Crispin shook his head frantically. “I don’t know! Thea! Help!”

The phone made a series of noises like an old-fashioned modem, played a bar or two of “We Are Family,” and spat a volley of greenish sparks that made Crispin yelp. He managed to keep hold of it, though, which was a minor miracle.

There was nowhere to run and no place to hide, and there were no roaring giants in the vicinity.

Leopold didn’t even have a weapon—not that he knew how to fight a cloud anyway.

And Crispin, who held his ground despite looking terrified, didn’t seem to know what to do either.

Probably desk fae didn’t often face death.

The cloud slithered closer. It had a sound, Leopold realized.

Or more accurately, sounds. Static like a radio not quite getting a signal.

Glass shattering. The wind battering a house.

Engines idling and then revving. All of them at once, making Leopold’s heart race and his skin feel goose-pimply.

And it tugged at him, the way your foster mom tugs at your shirt collar when you refuse to leave the candy store of your own volition.

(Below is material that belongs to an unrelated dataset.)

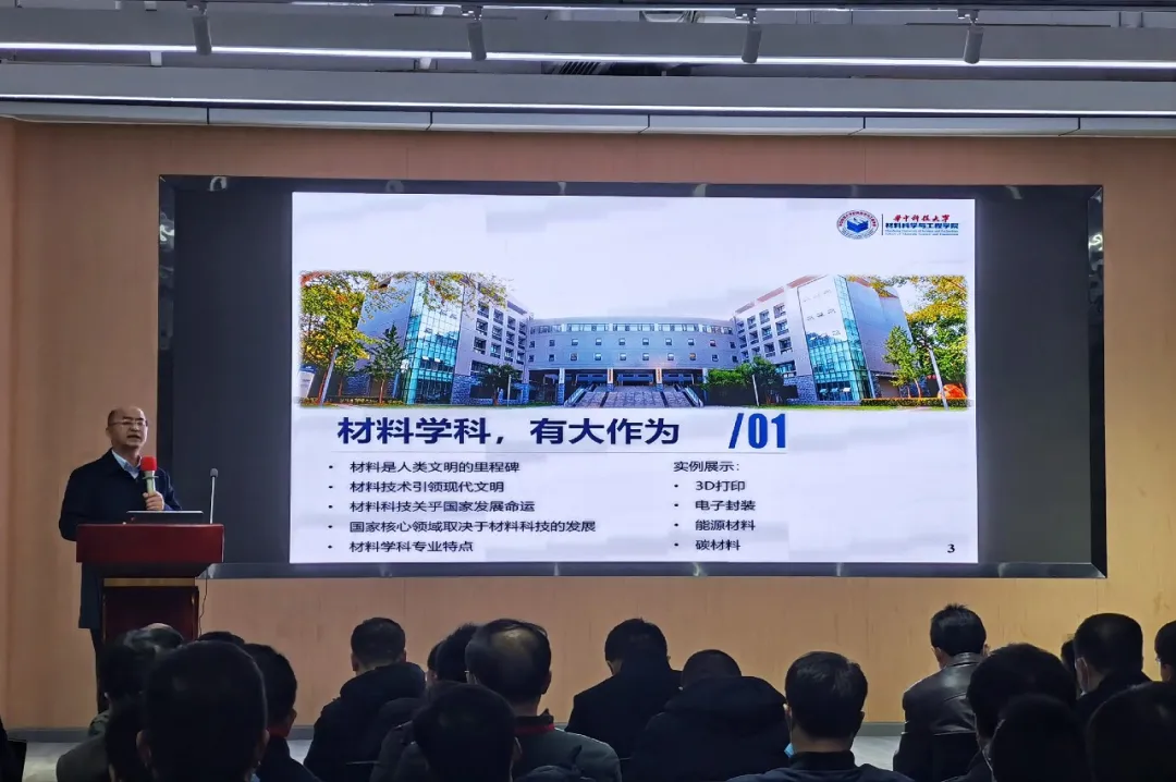 专业设置进行了介绍,本科设有材料科学与工程、材料成型及控制工程两个专业。其中材料科学与工程专业包含了新能源、半导体、新金属、光电子等材料研究,目前大家常用的华为手机快充功能的核心技术,便是由我院科研团队提供;材料成型及控制工程专业包括了3D打印、电子封装、智能成型、现代模具等研究方向,以3D打印为代表,在上世纪90年代由华中大老校长黄树槐教授牵头进行研究,到现在发展到4D打印、5D打印,华中大A漫

“Leave us alone!” Crispin shouted. “I am a curator with the Office of the Lost and I order you to stop interfering in my collection duties!”

The cloud didn’t seem impressed. Maybe Crispin needed a badge to flash.

It came even closer. Leopold couldn’t smell it—maybe only giants could—but he could feel it, alternately cold and hot, and with an electrical charge that made his hairs stand on end.

Crispin was holding his phone up like a weapon. “Go away!”

It didn’t.

And the weird thing—well, hell, everything was weird, wasn’t it?— one weird thing was that although Leopold was scared, he also felt an urge to walk toward the cloud, to meet up with it, to touch it. It must be the same way moths felt about flames.

“Go away!” Crispin bellowed even louder. Apparently he felt no similar draw.

Leopold took a step forward.

Crispin grabbed Leopold’s arm, tight.

And the cloud spoke, its voice filling the air so thoroughly that Leopold could barely breathe. “Giiiiive himmmm to usssss.” Foggy teeth gleamed in its depths, gnashing like breaking glass.

Oh, shit. Leopold knew to a certainty that he was the him in question. And for a brief time he was afraid that Crispin would simply shove him into the cloud and make his own safe escape. Leopold could hardly blame him if he did.

Instead, Crispin tightened his grip on Leopold’s arm and screamed, “Thea! Take us back to OotL!”

And then he dragged Leopold into the pond.